# Wellness Pet Food Coupons



## Doodle (Apr 6, 2009)

Great tip! Thanks!


----------



## bwoz (Jul 12, 2007)

Thanks for that tip. I actually JUST got an email from them thanking me for letting them know how things are going with Core, and they are sending me a coupon of some kind. I'll tell ya, it's nice to get a NON generic email from a company and the savings doesn't hurt either.


----------



## Gwen (Aug 9, 2007)

I also take advantage of the trial size packages of Wellness foods to use as training treats! It's funny that the boys don't see them as regular "dry food" but as treats due to the packaging.

PS: the trial sized packages also have a $2 coupon on them.

I've found that my local pet food supplier has the trial size packages "tucked" away but I always pick up a couple when I'm buying my supplies!

Hey....it all adds up!!!!!


----------



## Penny & Maggie's Mom (Oct 4, 2007)

That's a great deal. Thanks for sharing. We use Wellness off and on.


----------



## Ash (Sep 11, 2007)

Do you know if they offer coupons for the canned food?


----------



## Gwen (Aug 9, 2007)

Ash said:


> Do you know if they offer coupons for the canned food?
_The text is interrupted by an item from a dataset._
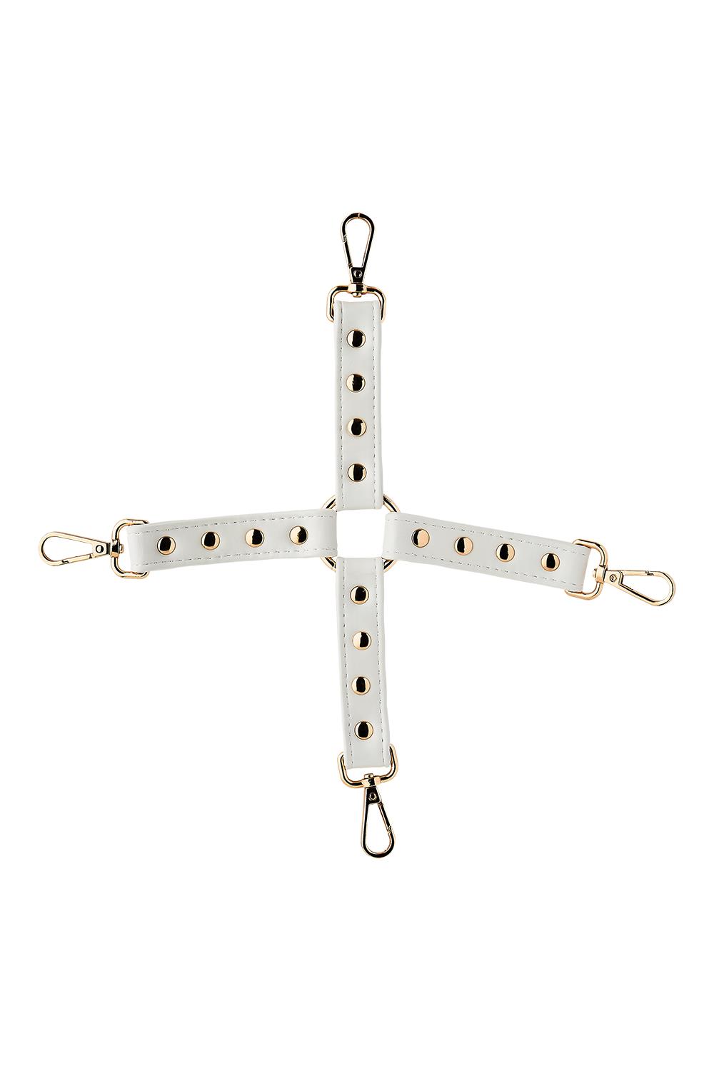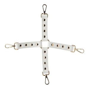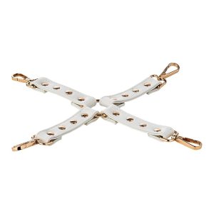 Ten krawat wieprzowy z kolekcji Blaze Elite jest wykonany z białej sztucznej skóry z metalowymi detalami w kolorze złotym, dzięki czemu wygląda bardzo stylowo. Wzbogać swoją grę w bondage za pomocą krawata wieprzowego, aby przymocować ręce i nogi łodzi podwodnej. 4 haczyki muszkietowe mogą być używane do mocowania łańcuchów, lin, kajdanek, mankietów na kostki i innych akcesoriów do wiązania, na przykład pasujących mankietów na nadgarstki i kostki z kolekcji Blaze Elite.

Ash, the coupons can be used for any Wellness product!


----------



## bwoz (Jul 12, 2007)

Just got my $5 coupon and it says for any Wellness product.


----------



## MyCodyBoy (Sep 27, 2008)

they only mail these to US addresses or Canadian too?
I would kill to get some coupons. I swtiched my cats to Wellness as well, and its CRAZY expensive just like the dog food. But I can't believe the diffrence in my cats. They looks so much better and they don't shed as much, and they were HUGE shedders.
I LOVE Wellness!


----------



## bwoz (Jul 12, 2007)

Gwen said:


> You can request $10 in Wellness coupons from the company *every month*
> 
> 
> 
> ...


It seems to have worked for Gwen, just try it. What do you have to lose


----------



## CarolinaCasey (Jun 1, 2007)

Great! Maybe I'll look into switching Charlotte, our cat from ProPlan to Wellness. She sheds a ton... If it cut down on the shedding for you... maybe it will for us too! Too bad I have three bags of ProPlan in my laundry room waiting to be opened.


----------



## GoldenKat (Dec 4, 2007)

So I just called Wellness at the number provided by the OP. The lady said they don't offer the $10 coupons but felt compelled to since they didn't want to turn down customers. I did manage to get a $5 coupon though. Did anyone else have this type of problem?


----------